Tuesday, December 17, 2013

Economist warns of subsidy-cut impact


| December 13, 2013

By John Gilbert

KUALA LUMPUR: The government’s continuing policies in reducing subsidies on fuel, sugar and power may result in a weaker domestic demand for 2014, a Nomura Research economist said yesterday.

The economist said while the government’s measures are seen as positive, the consolidation and monetary tightening may slow private consumption but added that Malaysia’s high degree of openness will allow its external demand to pick up.

“Through these subsidy cuts, we are optimistic on the Malaysian government being serious and on the right track to continue the plan in cutting fiscal deficit moving forward.
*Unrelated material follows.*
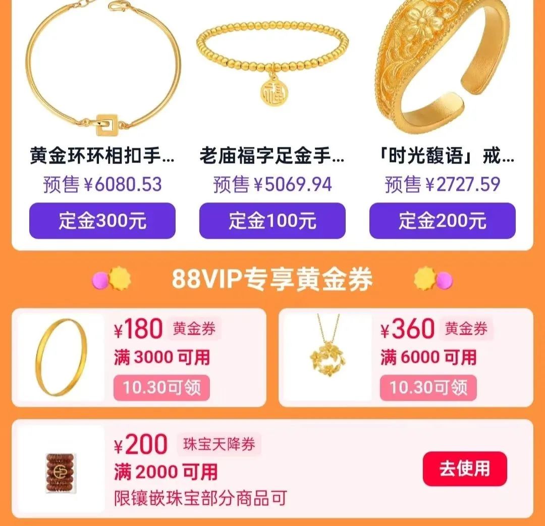 活動時間變了,搶券也成了玄學。慧慧模仿著小紅書上的各種攻略,比如不進主會場,卡著9:59的時間點,找到VIP專屬客服,點擊客服給的會場鏈接,找到專屬黃金券,再反復點擊其中的黃金首飾,下拉優惠。這樣反復操作,慧慧才終于搶到了一張“黃金券”。

“The move would present some drag on growth particularly on public spending and also on the effect on consumption and investments,” Nomura Singapore Ltd ED and economist for South-East Asia Euben Paracuelles said in a media briefing in Kuala Lumpur yesterday.

He said the focus will be on the momentum of the reform which is slowly building and forecast gross domestic product for Malaysia to rise 4.5% for 2014 from an expected 4.3% in 2013.
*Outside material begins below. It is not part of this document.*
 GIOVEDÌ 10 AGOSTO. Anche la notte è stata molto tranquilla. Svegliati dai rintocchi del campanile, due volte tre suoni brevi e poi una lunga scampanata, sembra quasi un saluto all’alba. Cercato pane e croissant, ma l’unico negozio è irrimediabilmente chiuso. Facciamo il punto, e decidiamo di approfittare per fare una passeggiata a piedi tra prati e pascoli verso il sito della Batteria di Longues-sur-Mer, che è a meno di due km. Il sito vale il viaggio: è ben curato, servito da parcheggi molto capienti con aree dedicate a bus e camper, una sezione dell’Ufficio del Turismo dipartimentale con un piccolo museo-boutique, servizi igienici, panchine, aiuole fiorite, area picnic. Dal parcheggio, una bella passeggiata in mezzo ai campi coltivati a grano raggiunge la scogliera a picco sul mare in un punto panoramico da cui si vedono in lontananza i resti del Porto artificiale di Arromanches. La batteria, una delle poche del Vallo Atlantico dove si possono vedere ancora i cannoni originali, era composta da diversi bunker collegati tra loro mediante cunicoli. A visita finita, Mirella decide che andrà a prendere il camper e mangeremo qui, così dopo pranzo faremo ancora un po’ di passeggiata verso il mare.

In recent news, Energy, Green Technology and Water Minister Dr Maximus Ongkili said the government expects to cut expenditure by RM2 billion annually from the reduction in subsidies for the power sector, a move that would save RM4 billion.

However, it would still have to pay about RM2 billion in other subsidies to help the lower income group.

Touching on the implementation of the Goods and Services Tax (GST) in April 2015, Paracuelles said the move will impose a fiscal drag on growth, particularly on public consumption.

“Because the GST is implemented in the early part of the year, the drag on growth is expected to be seen for three quarters, however, now is the right time for the prime minister to initiate the GST as well as other fiscal consolidation policies,” he said.

The research house sees 2014 as a year of continuation of proactive government policies aimed at lowering the fiscal deficit and keeping the external accounts in a comfortable surplus.